Whereas Next Generation Sequencing (NGS) technologies have the same general aim of parallel sequencing millions of DNA fragments, their costs in infrastructure (equipment and computer hardware), as well as their throughput, vary widely within and between NGS vendors. Thus, depending on the expected throughput of the clinical laboratory offering NIPS services, its financial resources as well as the needed turnaround time, different NGS platforms and technologies may be considered. No study comparing head-to-head the diagnostic accuracy of NIPS based on different NGS platforms on the same patient samples has been published. Two types of NGS technologies widely used in clinical services are optical NGS (such as the Sequencing by Synthesis™ technology commercialized by Illumina) and semiconductor NGS (such as the IonTorrent™ technology commercialized by ThermoFisher) [11].

Study objectives and hypotheses

The aim of the present study was to compare head-to-head, using the same prospective samples, the clinical performance of two massively parallel shotgun sequencing (MPSS) NIPS methods using either an optical NGS technology (Illumina) or a semiconductor NGS technology (ThermoFisher) in high risk and in baseline risk pregnancies for the detection of trisomies 21, 18, 13, and monosomy X. These specific chromosomal abnormalities were chosen as they represented the common aneuploidies currently detected by the Canadian prenatal genetic screening programs.

Our hypothesis was that, providing that the NIPS assays rely on solid clinical NGS practices and quality standards, both NGS technologies would show similar clinical performances.

Materials and methods

Study design

We performed a comparative diagnostic accuracy study in which we recruited prospectively pregnant women who had already been identified as either at high risk, or at baseline risk, of fetal aneuploidy. All participating women had their blood collected in large enough quantities to be tested by two NGS methods. ccfDNA grade plasma from all NIPS samples was prepared and frozen until NIPS testing.
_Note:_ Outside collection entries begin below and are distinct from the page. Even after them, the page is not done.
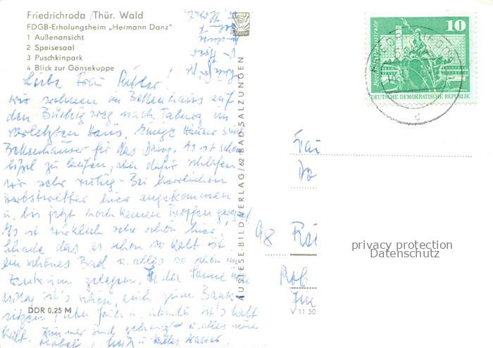 74044296 alte Postkarte Friedrichroda Thueringen FDGB Erholungsheim Hermann Danz Speisesaal Puschkinpark Gaensekuppe postalisch gelaufen Erhaltung siehe scans [WerneD78] KatCode: 11110016067019
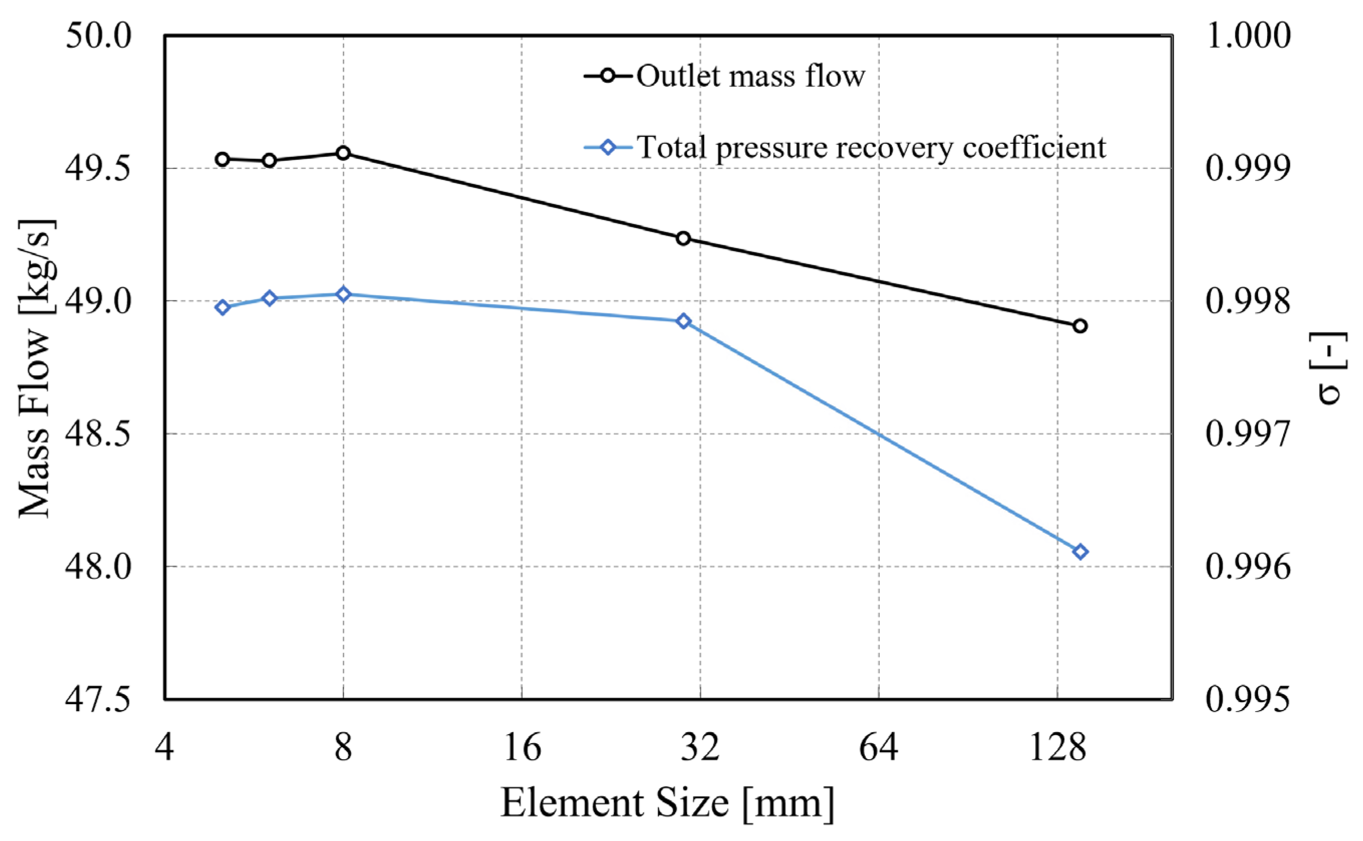 3.4. Comparison of Total Pressure Recovery Coefficient
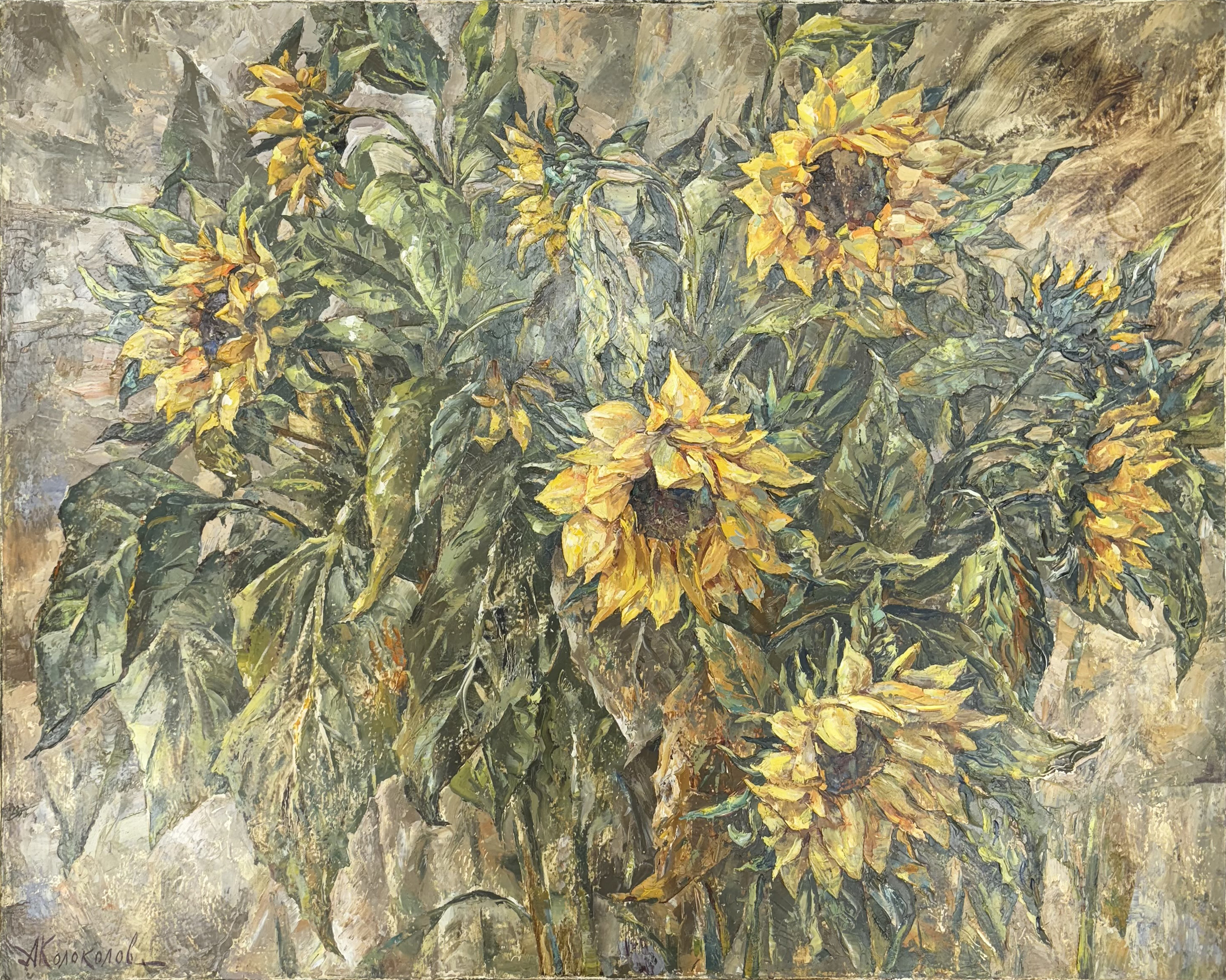 Kolokolov A.’s “Sunflowers” is not just a still life depicting flowers; it is an ode to the sun, summer, and the indomitable force of life. The artist fills the canvas with bright colors and energy, creating an image that radiates warmth and optimism. In his sunflowers, one can feel the power of nature and its ability to give us beauty and joy even in the simplest things.
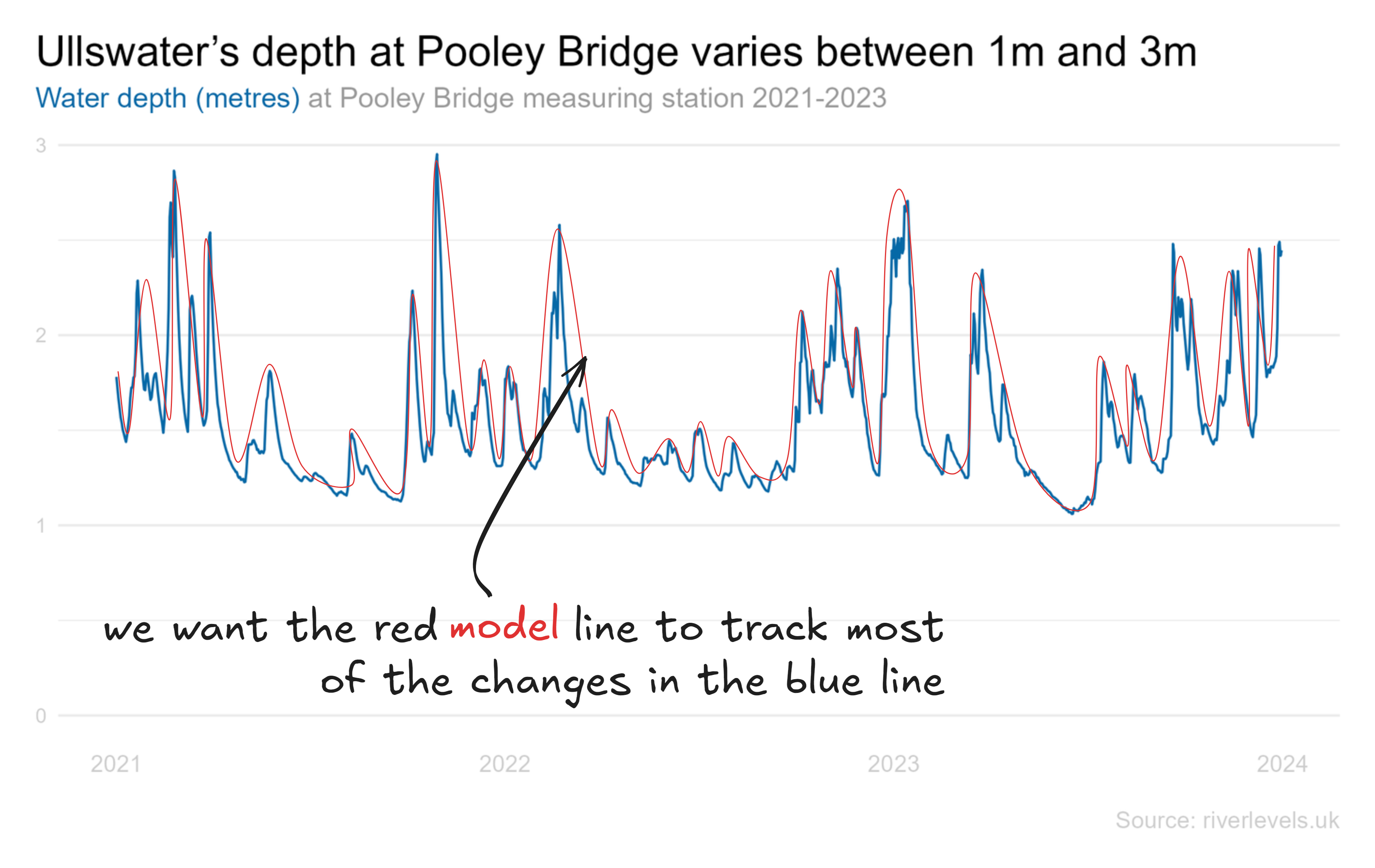 When our model works properly, it's able to explain why the water level has changed in the past. The blue line is the actual depth of the water and the red line is a sketch of roughly what we hope our model's shape might look like. If movements in the red model line mostly fit the shapes in the blue actual line (and you didn't cheat) then you've got a decent model that explains what's happened in the past. Some statisticians reading this are recoiling in horror but let's just say that 'and you didn't cheat' can get quite complicated and move on.
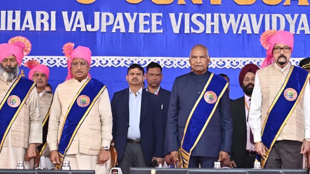 रायपुर। अटल बिहारी वाजपेयी विश्वविद्यालय के छठवें दीक्षांत समारोह का आयोजन पूर्व राष्ट्रपति रामनाथ कोविंद के मुख्य आतिथ्य में गरिमामय वातावरण में किया गया। कार्यक्रम की अध्यक्षता राज्यपाल रमेन डेका ने की। अति विशिष्ट अतिथि के तौर पर मुख्यमंत्री विष्णु देव साय, विशिष्ट अतिथि उपमुख्यमंत्री अरुण साव तथा उच्च शिक्षा मंत्री टंकराम वर्मा शामिल हुए। कार्यक्रम में विश्वविद्यालय के कुलपति आचार्य डॉ. दिवाकर नाथ वाजपेयी उपस्थित रहे। समारोह में 64 शोद्यार्थियों को शोध उपाधि, 92 गोल्ड मेडल एवं 36950 स्नातक एवं स्नातकोत्तर उपाधि दी गई।
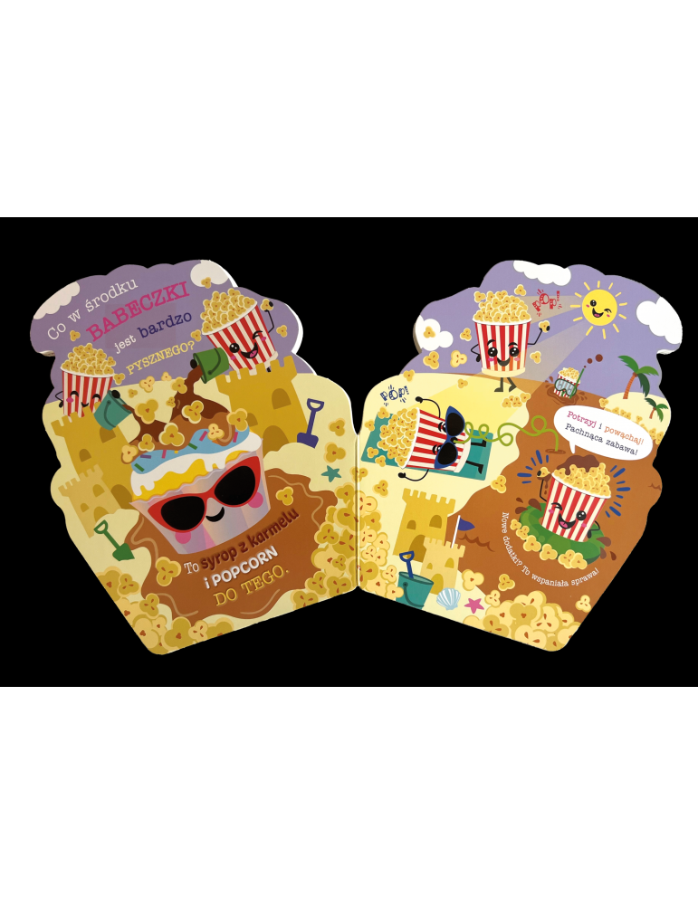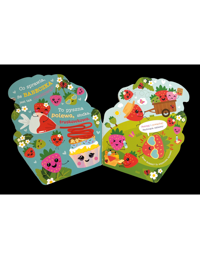 Maluch słucha wierszyków o słodkich dodatkach do babeczki, którymi jest wypełniona. W trakcie lektury poznaje zapachy słodkiej posypki, sosu karmelowego czy polewy truskawkowej. Atutem jest możliwość potarcia obrazków, aby poczuć różne aromaty.

The testing was performed blindly to the reference standard after the end of pregnancy, with no communication of NIPS results. NIPS testing was performed in public laboratories that had setup their own NIPS assay. The two NGS platforms chosen for comparision (ThermoFisher’s Proton™ with IonTorrent™ sequencing and Illumina’s HiSeq2500™ with Sequencing-by-synthesis™ sequencing) use very different sequencing methods. They were the most widespread in clinical laboratories when the study was initiated. ThermoFisher’s Proton™ appeared to offer versatility in terms of number of patients per run at a lower price (especially for equipment) and a shorter sequencing turnaround time, while Illumina’s HiSeq2500™ was an established method for NIPS in laboratories with a large throughput of samples. This study was registered in clinicaltrial.gov as NCT01925742.

Participants

We obtained informed consent and recruited prospectively 2203 women at high risk and 1807 at baseline risk. Women were recruited at the Children’s & Women’s Health Centre in Vancouver (BC), the Foothills Medical Centre in Calgary (AB), The Ottawa Hospital in Ottawa (ON), the CHU Ste-Justine in Montreal (QC), and the CHU de Québec in Québec City (QC) over a period between November 2013 and April 2016. The study was granted Research Ethics Board approval in all five recruiting centers.

Inclusion criteria for high-risk pregnancies were women 19 years or older, between 10 weeks and 23 weeks and 6 days of gestational age, who qualified for invasive testing because of an increased risk of fetal aneuploidy. Pregnant women were defined as high risk if they qualified for invasive testing based on one or more of the following criteria: abnormal ultrasound findings; previous trisomy 13, 18, or 21; patient or partner carrier of a translocation; maternal age 40 years or greater; positive screening result for Down syndrome or trisomy 18 (First Trimester Screening, Serum Integrated Prenatal Screening, Integrated Prenatal Screening, Quad screening); positive second or first tier NIPS.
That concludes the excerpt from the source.